Sometimes there is no one to blame, live with it and move on.

Erek

God’s crying? He’s upset over this? The guy, that according to all Christian religious dogma, is the sole entity capable of preventing just such tragedies? You don’t see the insensitvity of the coach’s remark?

The way I read it is, “God has sympathy for you in your loss, just not enough to actually have doen anything to prevent it. It’s just a show.”

Finally, who is this coach that he thinks he speaks for God? Maybe calling him an insensitive asshole is too much, he most certainly could have chosen better words to express his sympathy and grief.

What I was actually pointing out was that it was a freak accident. It is absurd to place blame anywhere in this situation. The hockey league is not at fault, neither is the player or the doctor.

Well, thank you for clarifying that. I didn’t realize that anyone who invoked the name of God in an attempt to help heal pain was being insensitive. How silly of me.

By the way, who says that Deleranko was referring to the Christian god, or that god is a guy?

Wouldn’t the Pit that have been more appropriate for your “observation?”

“I figure that God’s crying along with us.”

How is this a petition to God to attempt help heal emotional pain?

Figure of speech. Don’t be so literal.

Perhaps. My apologies to anyone I’ve offended. Christian, or otherwise.

In pretty much the same way that “It was God’s will,” and “God has a plan,” are. I don’t see much difference between that and what the fellow said.

It’s a problematic statement, to be sure–there’s this Problem of Suffering that theology will be wrestling with…forever, pretty much.

A great many people find that it soothes emotional pain to consider that a personal God is syjmpathetic to that pain. That that’s logically problematic doesn’t make those who hold or espouse that view insensitive assholes by any stretch.

The theory that it does doesn’t necessarily belong in the Pit.

How it was expressed, did.

I suppose Christians believe that this was part of God’s larger plan, and that this served some larger good.

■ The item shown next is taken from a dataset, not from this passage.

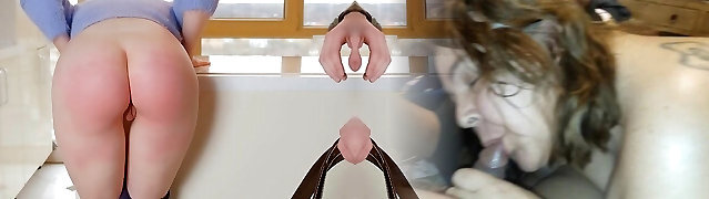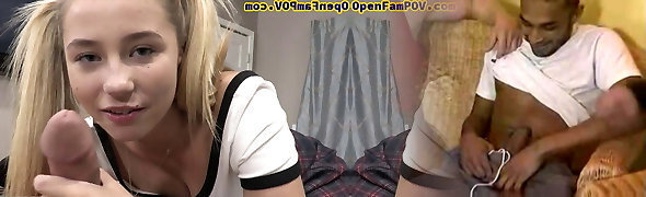 Pigtailed stepdaughter giving bj while railing taboo dick
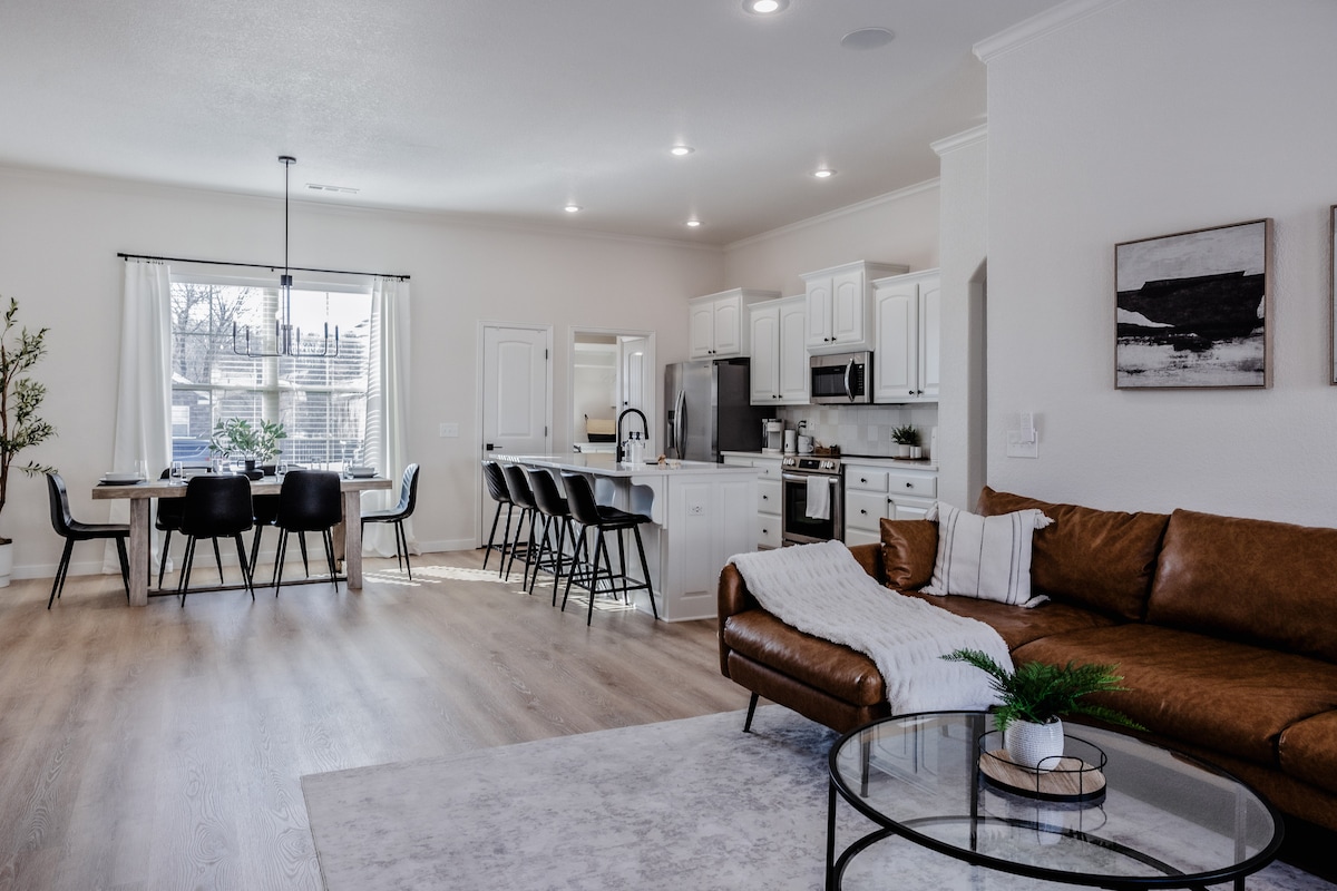 🚗 À quelques minutes en voiture de l'Université de l'Alabama et du Razorback Stadium; à proximité des restaurants et des attractions de Dickson St. 🌞 Solarium avec divan-lit et lit gigogne, salon confortable avec foyer au bois et porche couvert avec foyer extérieur. Cuisine et salle à manger🍳 bien équipées; deux chambres avec bureaux, draps de luxe et téléviseurs intelligents. 🐶 Animaux acceptés (deux chiens, des frais s'appliquent); petite cour et stationnement supplémentaire de l'autre côté de la rue. 📶 Wifi, laveuse et sécheuse, abri pour voiture et entrée.

He said “I figure”, not “I know”.

2 things. First of all, I’ve been to a few college hockey games where there was netting behind the goals. Whenever the puck was deflected into the netting, play was whistled dead. It didn’t seem to affect the flow of the game any.

Second, I thought the coaches comments were made in the context of a rainy day. So, IMO, it wouldn’t be out of line to suggest that god was crying with them. Also, I believe that was the girls’ soccer coach, not the Blue Jackets coach.

Well, speaking as an Ohio resident, I think I’d cheerfully support that measure. Ban Ohio!

I for one was not offended. Being offended would have been the easy way out. I am distressed that organized religion has left us so spiritually adrift that a statement as simple as “God is crying” could elicit a response as cynical and angry as yours. With sexually abusive priests and the Islamic Jihad in the news, I wonder if spirituality has anything positive left to offer humanity.

Hijack: hockey should not be banned. Wait, that was the OP!